Martin made many guest appearances on Gunsmoke including the two-part episode "Island in the Desert", in which he portrayed a crazy desert hermit named Ben Snow. Previously, he guest-starred as Marv Rowley in the 1961 Gunsmoke episode "Tall Trapper" playing an angry man who murders his wife out of jealousy then tries to pin the killing on a quiet, respectful trapper who his wife fell for.

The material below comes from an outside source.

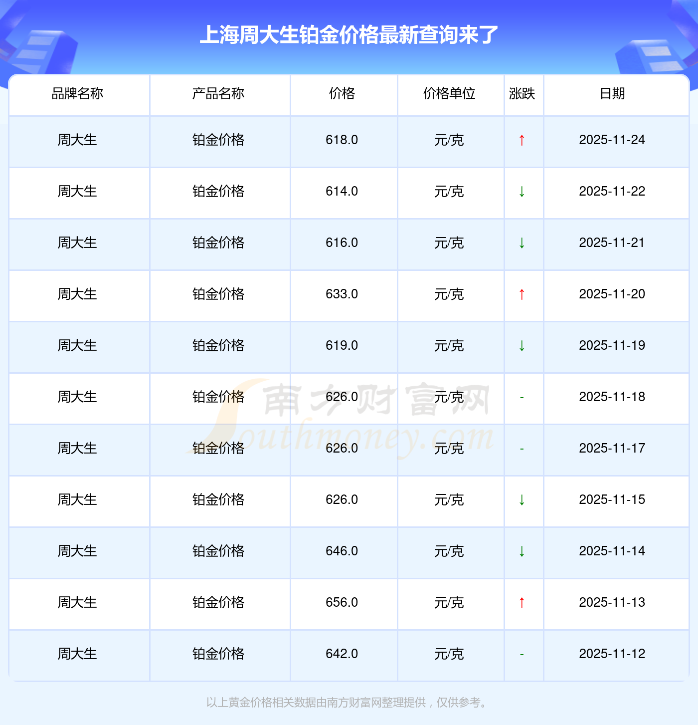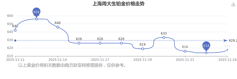 今日(2025年11月24日)上海周大生鉑金價格是618.0元/克。

He also made many guest appearances on Perry Mason throughout the nine-year run from 1957 to 1966, including a horseman in the 1962 episode "The Case of the Fickle Filly", a college employee in "The Case of the Brazen Bequest", and as Gerald Sommers in "The Case of the Drowsy Mosquito". In 1963, he appeared in Glynis Johns' short-lived comedy series Glynis in the episode "Ten Cents a Dance". In 1965, Martin appeared in the episode "Most Precious Gold" of the NBC comedy/drama series Kentucky Jones, starring Dennis Weaver. In 1965, he guest-starred as Meeker in the episode "Return to Lawrence" on the ABC Western The Legend of Jesse James. In 1966, he guest-starred in the Lost In Space episode "Blast Off Into Space" as a gritty mining engineer named Nerim. On a Gilligan's Island episode, Martin played a man living supposedly alone on the island for a radio show contest. In 1973–1974, he was a regular cast member of the James Stewart legal drama and murder mystery series Hawkins. He also starred in a two-part The Rockford Files 1977 episode as T.T. Flowers "The Trees, the Bees and T. T. Flowers", an episode that took on urban invasion and the environment.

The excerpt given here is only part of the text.